For the records below, copy exactly the span that begins at the line containing "Am 27.08.2025, gegen" and stops after the line containing "海马床垫席梦思十大名牌20cm厚软硬两用1.8米床乳胶椰棕弹簧床垫", minus any pictures.

[Opening SOURCE MATERIAL section]

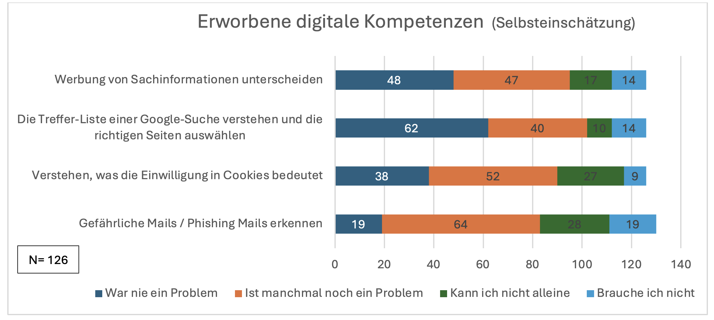 Dafür gibt es nicht nur in dieser Evaluation keinen Nachweis, sondern auch sonst nicht. Vielmehr gibt es viele Befunde, die Erfahrungssorten keine maßgebliche sondern eher eine marginale Rolle beim Erwerb digitaler Kompetenzen und digitaler Teilhabe zuweisen. Zuletzt in der BITKOM-Studie haben 54% der Befragten angegeben, dass sie sich ihre digitalen Kompetenzen aneignen, indem sie Freunde, Familie oder Bekannte fragen, aber nur 5%, indem sie Sprechstunden oder Beratungsangebote nutzen. Ein ähnliches Bild zeigen viele vergleichbare Umfragen.
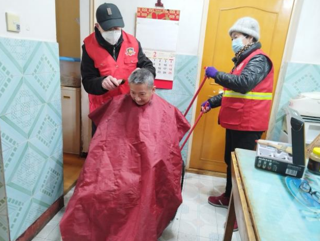 志愿幫扶小組入戶為行動(dòng)不便的兩補(bǔ)人員理發(fā)、打掃衛(wèi)生,救助小管家入戶宣傳兩項(xiàng)補(bǔ)貼救助政策。
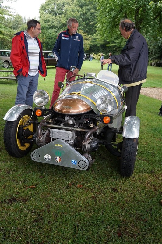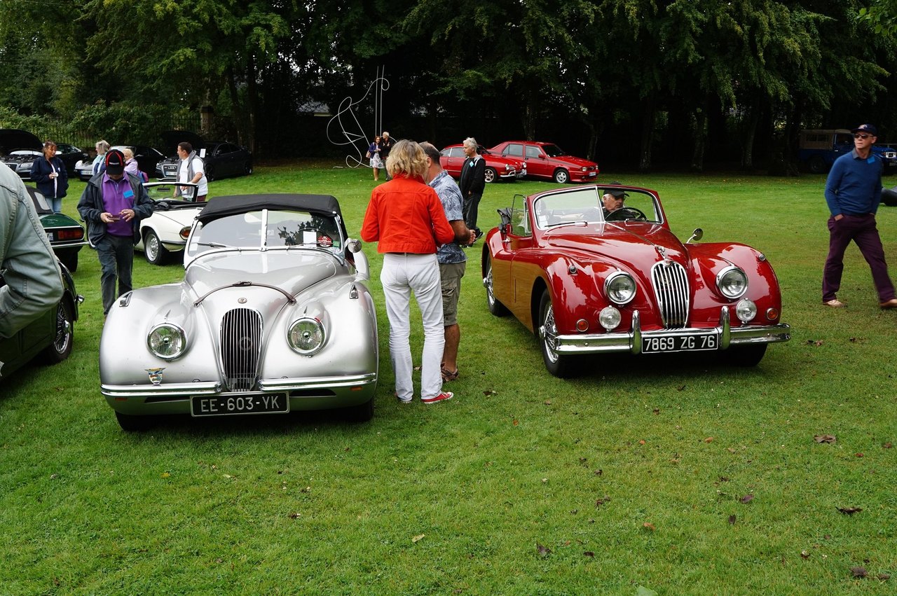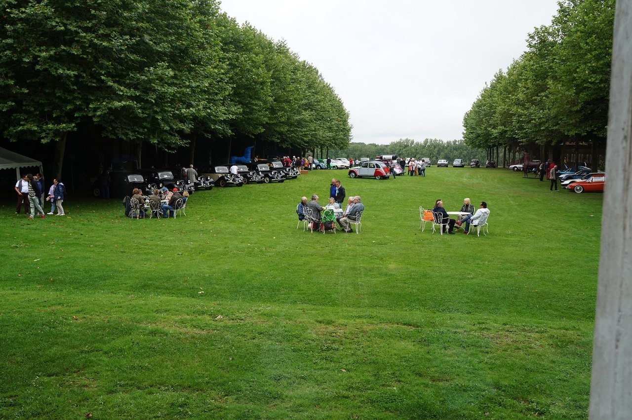 Voici ma contribution, faut quand même dire que l'on n'a eu un sacré coup de bol avec le temps vu la pluie discontinue du matin. Même si tout le monde n'était pas au rendez-vous à cause du temps surtout pour les anciennes, l'organisation est sans faille avec un accueil chaleureux. Le cadre prestigieux des lieux ajoute une plus value à cette manifestation. Tiens un petit quiz quelle est la marque de la voiture rouge vue de l'avant et de l'arrière?. (Les 2 dernières photos). -
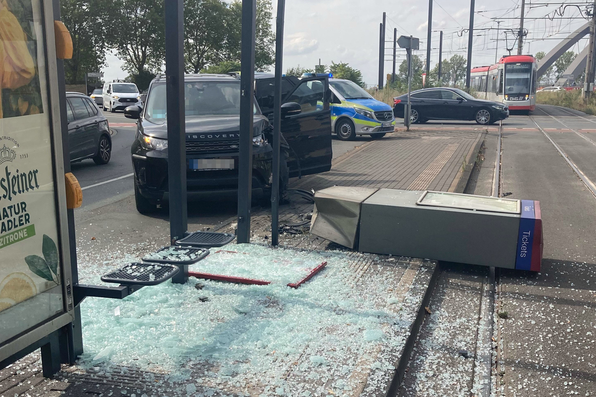 Am 27.08.2025, gegen 15:30 Uhr, ist eine 54 Jahre alte Frau mit ihrem Land Rover auf der Ruhrorter Straße von der Fahrbahn abgekommen und in die Straßenbahnhaltestelle „Albertstraße“ gefahren.
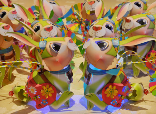 最受歡迎的小提燈“飛天兔寶寶”,造型為一只快樂的兔寶寶戴著護目鏡、穿著繽紛花朵的衣服、乘著五彩降落傘到處去旅行,還有蝴蝶、蜜蜂陪伴一起玩耍。設計人林佳葦說,今年的提把利用紙張交錯切割成降落傘狀,不僅可愛而且具有彈性,可以表現小兔子跳動的躍動感。
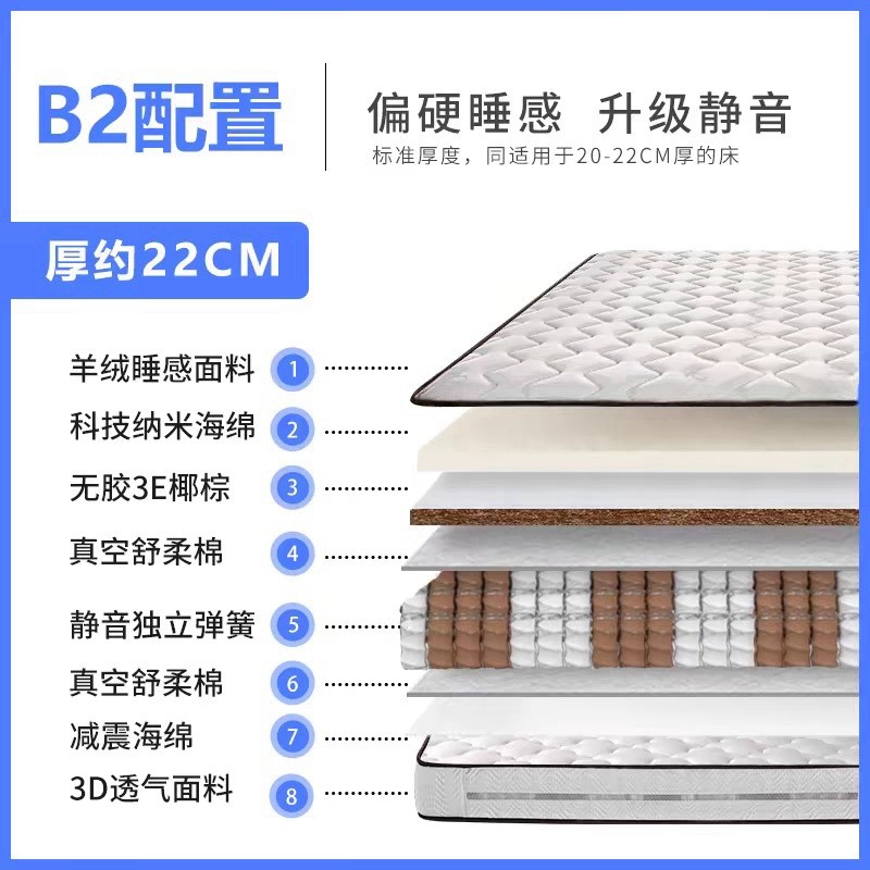 海马床垫席梦思十大名牌20cm厚软硬两用1.8米床乳胶椰棕弹簧床垫
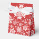 Dress up your holiday gifts and party favors with this festive red favor box featuring an elegant white snowflake pattern.

[Closing SOURCE MATERIAL section]

▶ **FINISHED TASK**:
 Am 27.08.2025, gegen 15:30 Uhr, ist eine 54 Jahre alte Frau mit ihrem Land Rover auf der Ruhrorter Straße von der Fahrbahn abgekommen und in die Straßenbahnhaltestelle „Albertstraße“ gefahren.
 最受歡迎的小提燈“飛天兔寶寶”,造型為一只快樂的兔寶寶戴著護目鏡、穿著繽紛花朵的衣服、乘著五彩降落傘到處去旅行,還有蝴蝶、蜜蜂陪伴一起玩耍。設計人林佳葦說,今年的提把利用紙張交錯切割成降落傘狀,不僅可愛而且具有彈性,可以表現小兔子跳動的躍動感。
 海马床垫席梦思十大名牌20cm厚软硬两用1.8米床乳胶椰棕弹簧床垫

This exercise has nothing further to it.